■ **TASK GOAL**
The records below are to be transcribed exactly from their first line to the line that has "(8) items including", inclusive, with every picture omitted.

--- DATASET RECORDS Enclosed Below ---

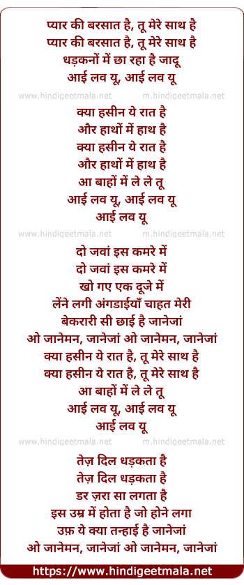 Lyrics of I Luv U - प्यार की बरसात है, तू मेरे साथ है
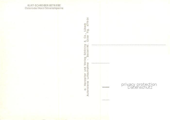 73125222 Osterode Harz Soesetalsperre Fliegeraufnahme postalisch nicht gelaufen Erhaltung siehe scans [NatalD47] KatCode: 11110003156011
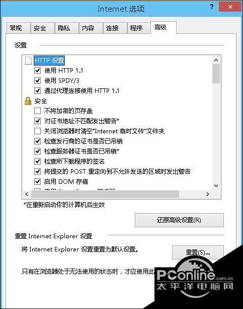 2、在“Internet 选项”窗口中,在选卡上选择“高级”选卡;
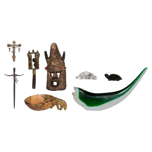(8) items including a Steuben crystal recumbent cat, a zebra themed carved wood and gourd bowl, a carved stone turtle, a tribal face mask, an iron crucifix, a pectoral cross having inlaid stones, an Ethiopian Orthodox Coptic sistrum rattle and an art glass jumping fish
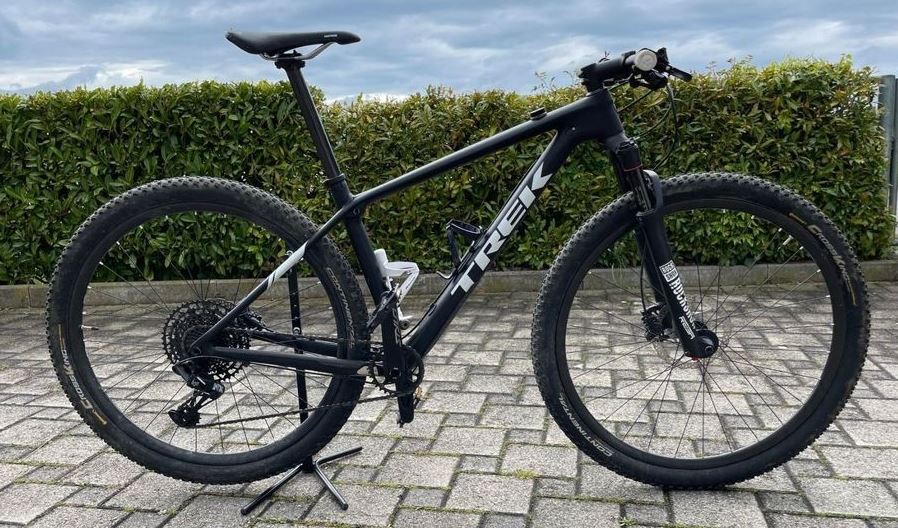 - Verkaufe schönes und gut erhaltenes Carbon-Hardtail. Siehe Link. Seit Kauf wenig gefahren, keine relevanten Schäden am Carbon, natürlich Gebrauchs-Spuren, Lackschäden etc. Sattel, Stütze und Vorbau wird auf Original zurückgebaut. Nur Abholung. Privatverkauf, keine Garantie/Gewährleistung. https://www.ricardo.ch/de/a/trek-procalibler-97-hardtail-1175649878/ Gewicht ca. 11.5 kg.
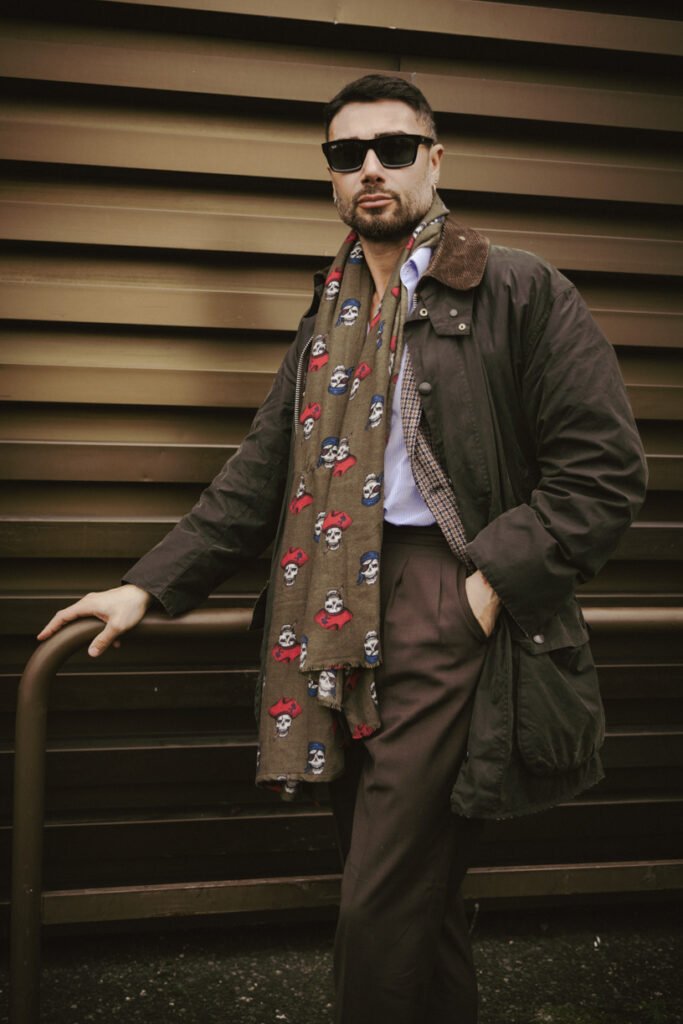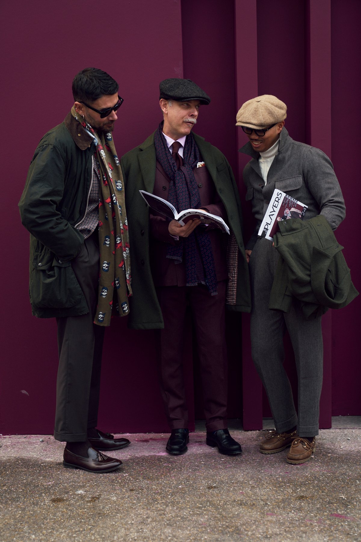 Come sempre, Pitti è anche un grande teatro a cielo aperto. Fuori dai padiglioni, il menswear diventa performance urbana. C’è chi interpreta lo stile come rigore assoluto, chi come gioco colto, chi come dichiarazione identitaria. Ma ciò che colpisce davvero è l’assenza di caricatura: lo street style torna a essere credibile, vissuto, meno costume e più verità.
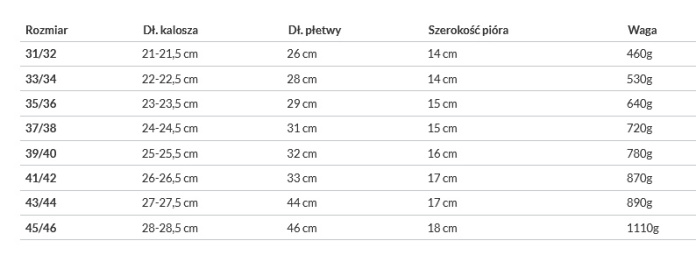 - Specjalne wzmocnienia: Znajdują się po bokach płetw i rozpoczynają już przy kaloszach, gwarantując wytrzymałość oraz kierując wodę wzdłuż piór, co redukuje wibracje wywołane zawirowaniami wody.
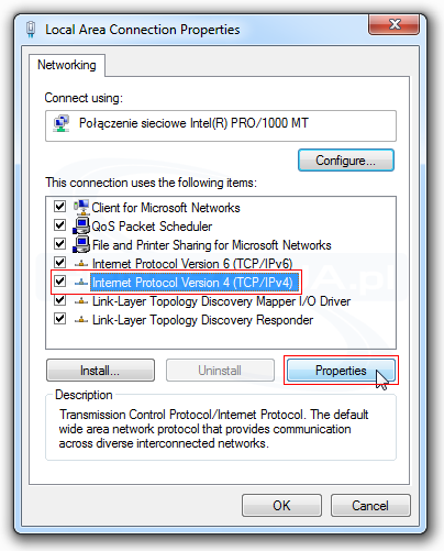 STEP 5: W oknie Właściwości: Połączenie lokalne zaznaczamy Protokół internetowy w wersji 4 (TCP/IPv4) i klikamy we Właściwości:
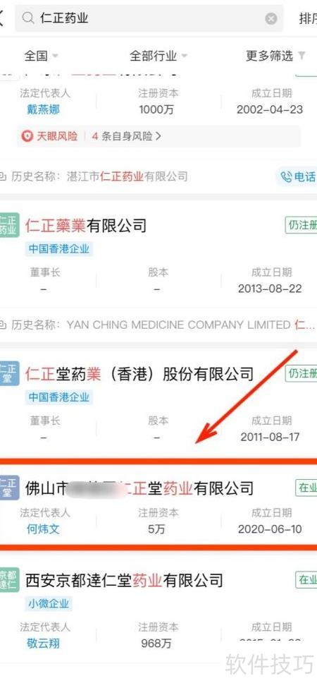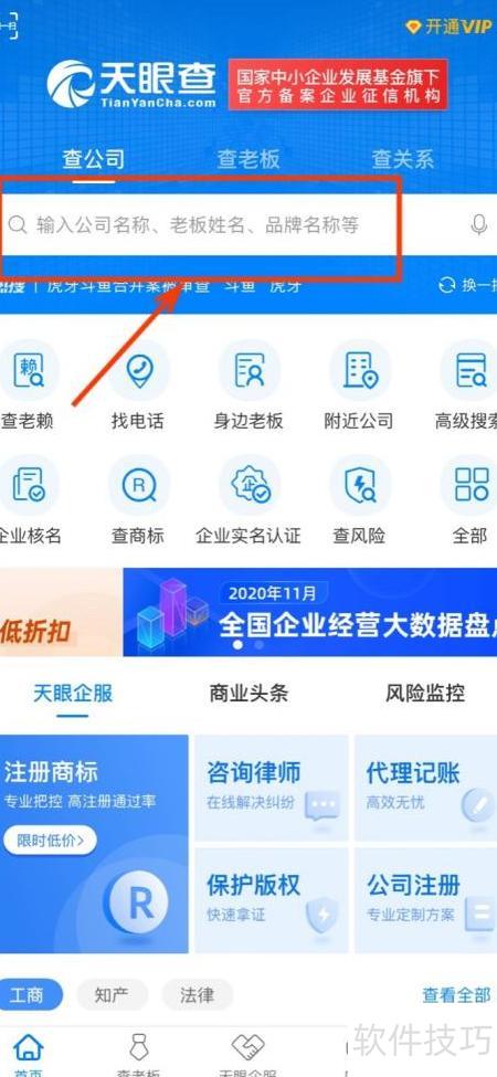 2、 进入天查,搜索相关内容
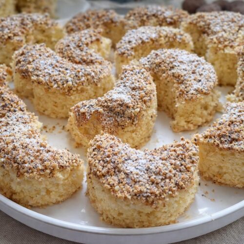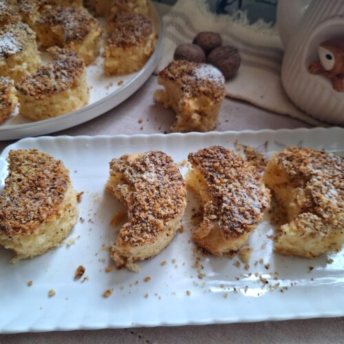 Îmi amintesc de faptul că prăjitura semilună cu nucă se găsea printre prăjiturile copilăriei. Era la modă atunci această prăjitură și mama o făcea aproape la orice eveniment. Aceasta și prăjitura cu albuș, pe care o găsiți aici: https://detotfelul.ro/2025/10/27/prajitura-cu-albus/ Deși o știm ca pe o prăjitură de casă, fără pretenții, forma ei de semilună are o poveste mai veche, întâlnită în multe bucătării europene. Ea este legată de simbolul lunii și de ideea de dulce de sărbătoare sau de duminică. Variante apropiate de semiluna noastră se găsesc și în Ungaria la prăjiturile cu nucă și blat pufos sau în Austria. La noi, prăjitura semiluna este mai degrabă o prăjitură de casă reinterpretată și apare frecvent în caietele vechi de rețete în Ardeal și Banat. Personal, am iubit mereu la ea blatul pufos, aromat și nuca abundentă de deasupra, prăjită în cuptor. Pentru această prăjitură am râșnit nuca, dar mama o fărâma cu sucitorul, lăsând-o puțin mai mare, să se simtă în gură. Și o făcea cu ulei, nu cu unt, însă acesta îi dă prăjiturii o textură mai pufoasă. Prăjitura semilună cu nucă nu este o prăjitură dificil de făcut, este ușor de preparat chiar și pentru începători și se face repede. Despre gust, ce să vă spun?! Este un deliciu și simți că se topește în gură de moale ce este. V-am făcut poftă, nu-i așa? Atunci hai să vedem ce ne trebuie pentru această prăjitură a copilăriei.

--- End of Enclosed DATASET RECORDS ---

■ **EXERCISE OUTPUT**
 Lyrics of I Luv U - प्यार की बरसात है, तू मेरे साथ है
 73125222 Osterode Harz Soesetalsperre Fliegeraufnahme postalisch nicht gelaufen Erhaltung siehe scans [NatalD47] KatCode: 11110003156011
 2、在“Internet 选项”窗口中,在选卡上选择“高级”选卡;
(8) items including a Steuben crystal recumbent cat, a zebra themed carved wood and gourd bowl, a carved stone turtle, a tribal face mask, an iron crucifix, a pectoral cross having inlaid stones, an Ethiopian Orthodox Coptic sistrum rattle and an art glass jumping fish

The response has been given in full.